Turlough chuckled. "That was spoken like a woman, mistress! If the rede seems good we could lay aboard men from here for fighting, and sail out with those two ships of yours."

Now Brian's heart filled with new hope, and after no long discussion they decided to adopt the plan. Nuala was of the opinion that a short cruise would do Brian great good, so they decided to set off that evening in her two ships, leaving Turlough to keep the castle against Cathbarr's return.

Had they taken Turlough Wolf with them or had Brian been less close-mouthed on his return from that cruise, the evil that befell might have been averted. The old man was cunning and swift at piercing beneath the craft of other men and turning it back upon themselves; but as Brian's mind lost its bitterness at his own failure it gained joy at being with the Bird Daughter, while Nuala had no less friendship and liking for him, so that neither of them gave much thought to O'Donnell Dubh who lay in Galway and bided his time after his own fashion.

Once having reached their decision, they hastened it somewhat and sent men and muskets aboard the two ships at noon. Nuala wished to sail first to Gorumna Castle and make all safe there, then reach back for Slyne Head. She proposed that Brian take one carack and she the other, but at this Brian laughed.

"No, lady—I am no seaman, and I am your guest on this cruise, so I go with you."

"Well, you shall have good guesting," she answered, flushing a little, but her eyes not flinching from his, and so they went aboard her ship together.
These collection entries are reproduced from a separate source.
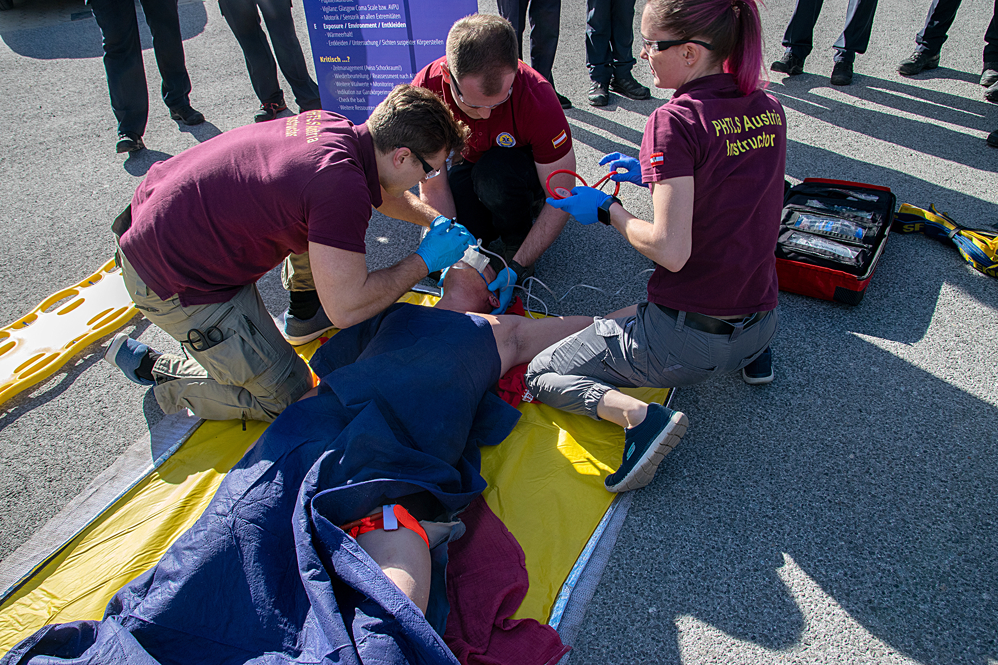 Nach einer Selbstlernphase als Vorbereitung auf den Kurstag wurden bei den Praxisstationen die strukturierte Einschätzung und Untersuchung von Patienten nach dem XABCDE Schema, die Atemwegssicherung und Kontrolle von starken Blutungen sowie Immobilisation und der richtige Umgang mit den Spineboard geübt. Zusätzlich wurde auch der Umgang mit anderen Rettungsgeräten wie Rettungsboa, Beckenschlinge usw. geschult.
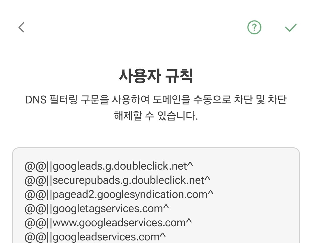 기본 애드가드 허용 목록이랑 dns서버 허용 설정에서
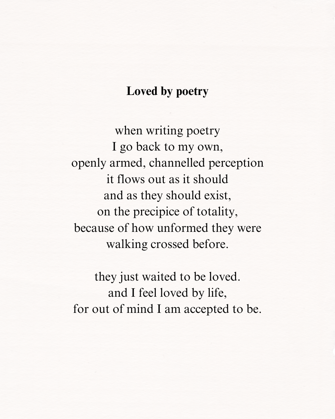 She writes abstractly and grounds this expression through down-to-earth cinematography in her poetry videos, shared on YouTube and across other platforms. Her writing functions as a form of inner expression, a practice that may appear chaotic from a distance, but ties things together from her mind revealed in the form of verses.
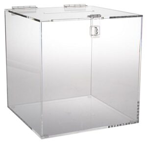 This large clear acrylic lead box, ballot box measures (12″ cube) with a hinged hasp for a pad lock. The slot size on this ballot drop box is 6.25w” x 1/2″. This sweepstakes entry box, also known as a donation box is a perfect countertop display. These transparent lead boxes are often used in town halls as well as for all types of voting in companies.
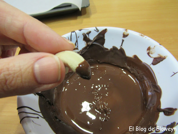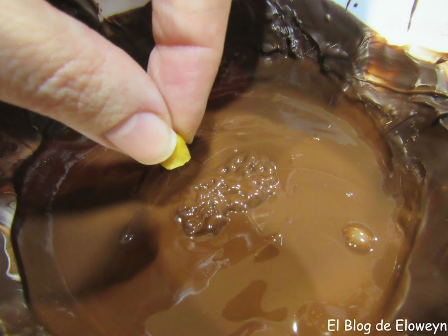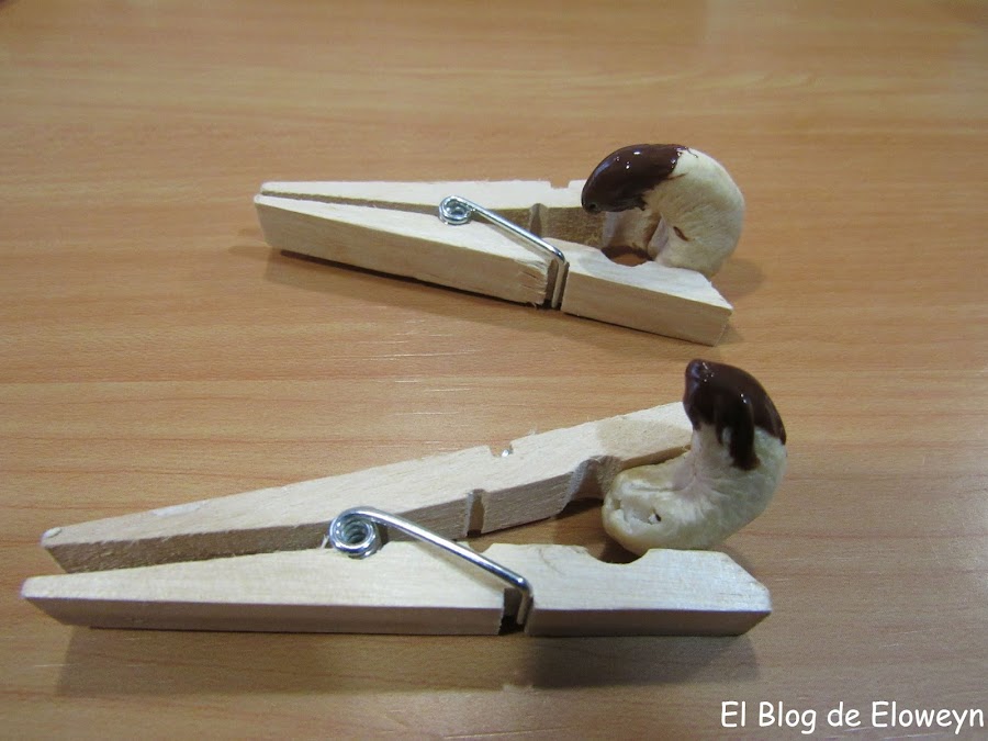 Si no se os aguanta, siempre podéis usar unas pinzas de la ropa bien limpias... jajaja. Dejamos que se seque el chocolate.
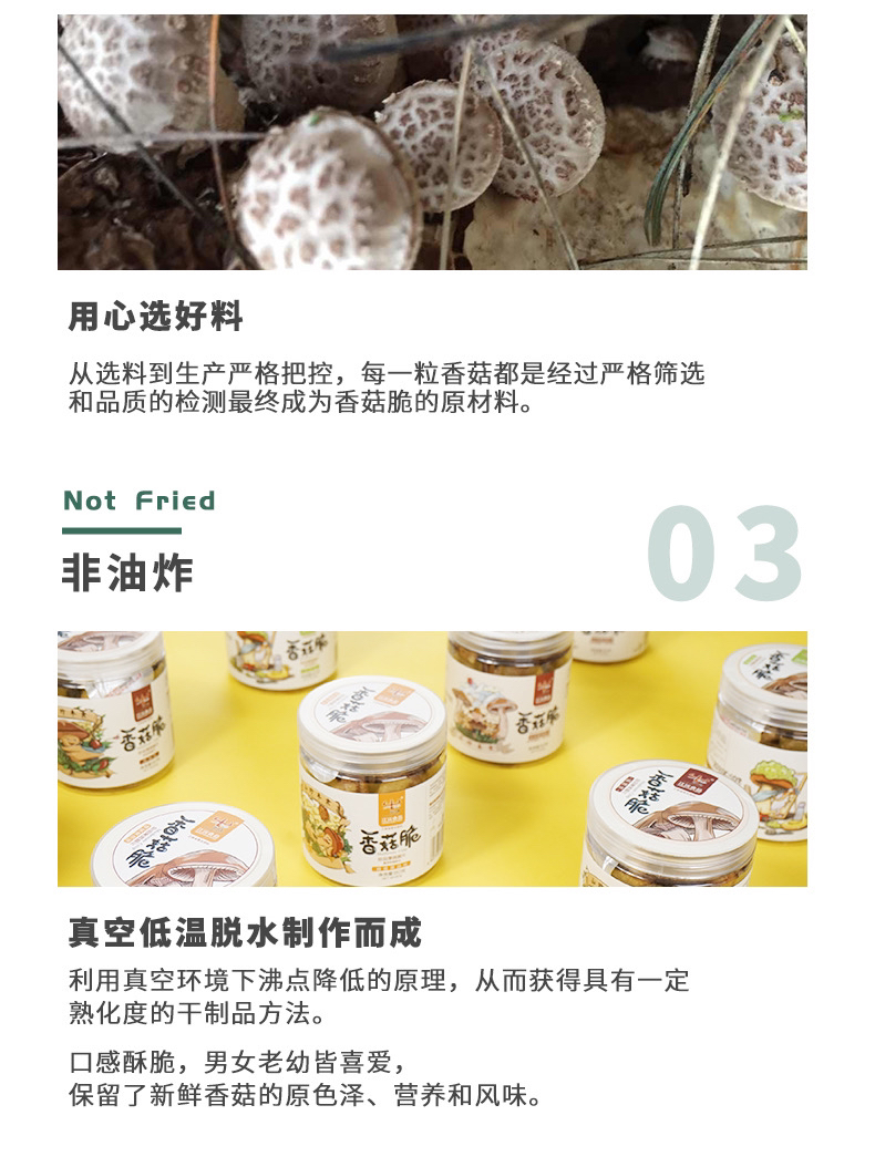 【香菇脆】蔬菜当做零食吃/真空低温脱水技术/告别油炸低脂低热高纤维/无任何添加/鲜香酥脆 老少皆宜2瓶包邮
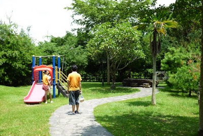 a) 步道、b)民宿及c)親子遊樂區充滿樹蔭的歩道,微風徐徐
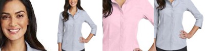 Thoroughly updated, this crisp nailhead shirt has a silky feel and a wrinkle-resistant finish for exceptional non-iron performance. 4-ounce, 60/40 cotton/polyester with pucker-free taped seams and RH engraved buttons to elevate the office-ready look. Open collar and neckline, bust darts and back seaming. Mitered adjustable cuffs.
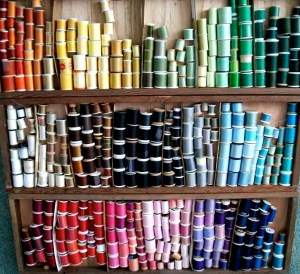 Since then I’ve been spontaneously throwing paint around, coloring my hair and reaching for bright colors in my closet. I’ve been down with a cold the past few days and I’ve been trying to take it easy so I sat myself down and organized my thread… you guessed it, by color.
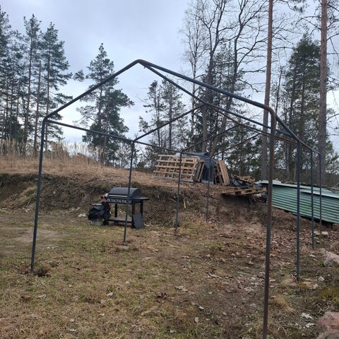 Pressu hallin metalliset putket pressua ei ole kun niin hauras piti heittää pois.. ostaja purkaa saa tikkaita lainata.
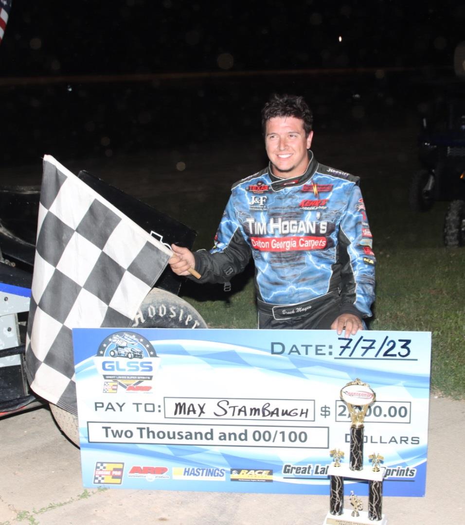 Hartford, MI - Elida Ohio native Max Stambaugh , bags his second feature win of the season tonight at Hartford Speedway! Stambaugh is currently leading both the GLSS and Wolverine region in points. The night was packed with a thrilling event of high speed racing and an amazing turnout in the stands. To start this right, we would like to say thank you to all of the fans, staff, and drivers. We would not of been able to have this night without all of your support!
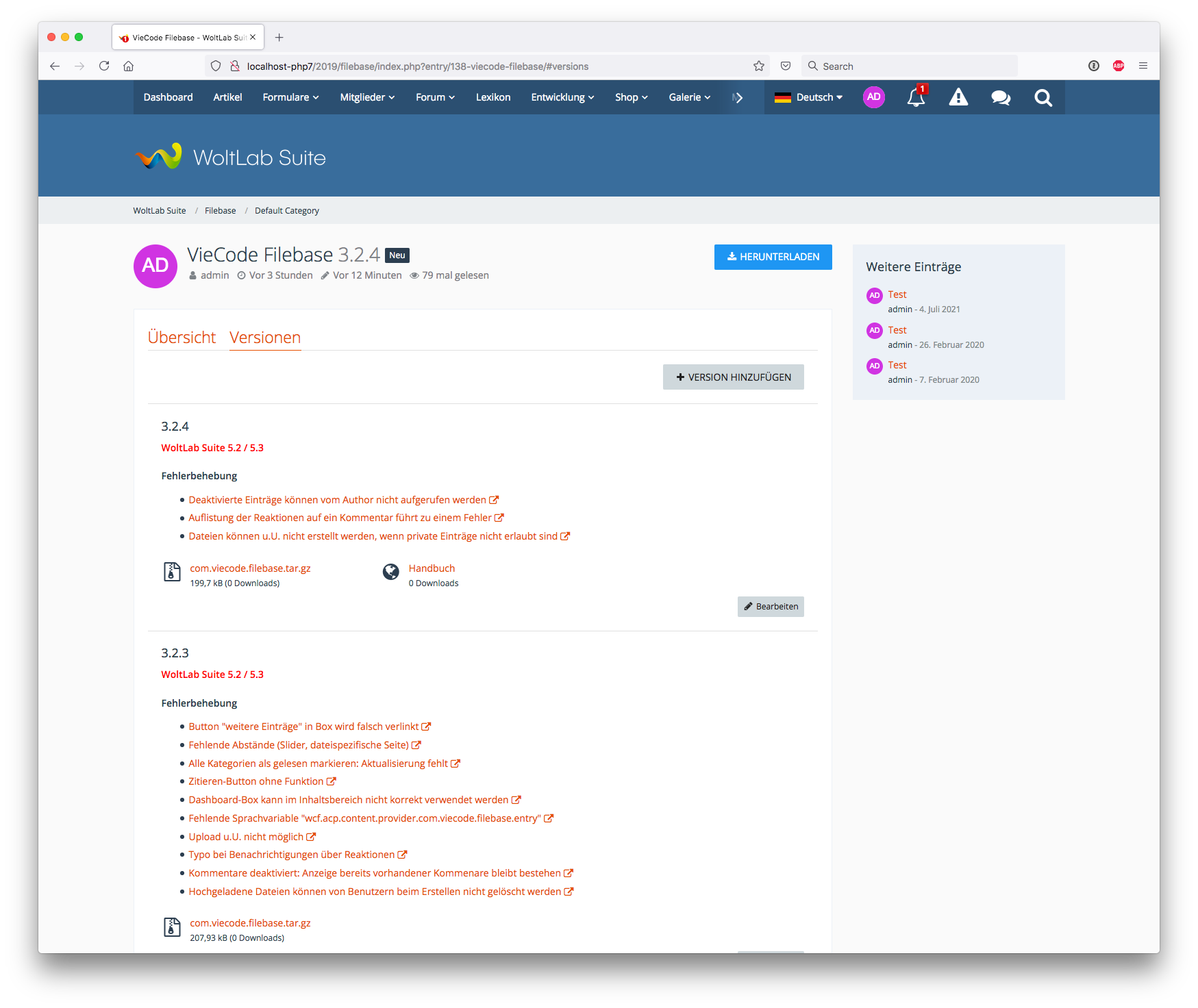 Dateien werden nun einer Versionsnummer zugeordnet. Diese können zusätzlich eine Beschreibung / Changelog besitzen. Die Versionen werden dabei übersichtlich in einem weiteren Tab direkt im Eintrag angezeigt. Jede Version kann mehrere Dateien einhalten (z.B. die jeweilige Softwaredatei und ein Handbuch). Es werden wie gewohnt auch externe Dateien unterstützt.
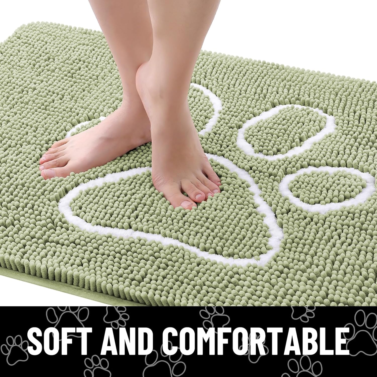 Smiry Dog Door Mat for Muddy Paws, Absorbent Dirt Trapper Non Slip Quick Dry Washable Chenille Mat for Mud Dogs, Entry Rug for Indoor and Outdoor (59x24 Inches, Sage Green)

Having two hundred men still, Brian had put fifty on each ship in case they met with those pirates, who were like to give good battle. Also Turlough had hopes that many of Brian's men would win home from that riding of his yet, since a large part of them had dropped out by the way or had been left behind with wounds. And in the end, indeed, fifty or less did find their way back.

Before night they made Gorumna Castle, and Brian found why they had come here first. With her Kerry recruits, Nuala had a hundred and eighty men, so she had set to work to build a tower and small keep on the opposite island, that Gorumna itself might be more easily defended. Also she had taken some falconets and two bastards out of a large French ship, and had set about building a battery outside the castle that would overlook the harbor.

"That will be better than good when it is done," said Brian approvingly. "But you had best get it done speedily. When we come back from this cruise you shall take this hundred men of mine, for I will not need them until the Dark Master comes, and of that we shall have good warning."

This she was glad of, and she was glad because Brian had found her work well planned; nor did either of them suspect what grief that loan of a hundred men was to bring upon Brian.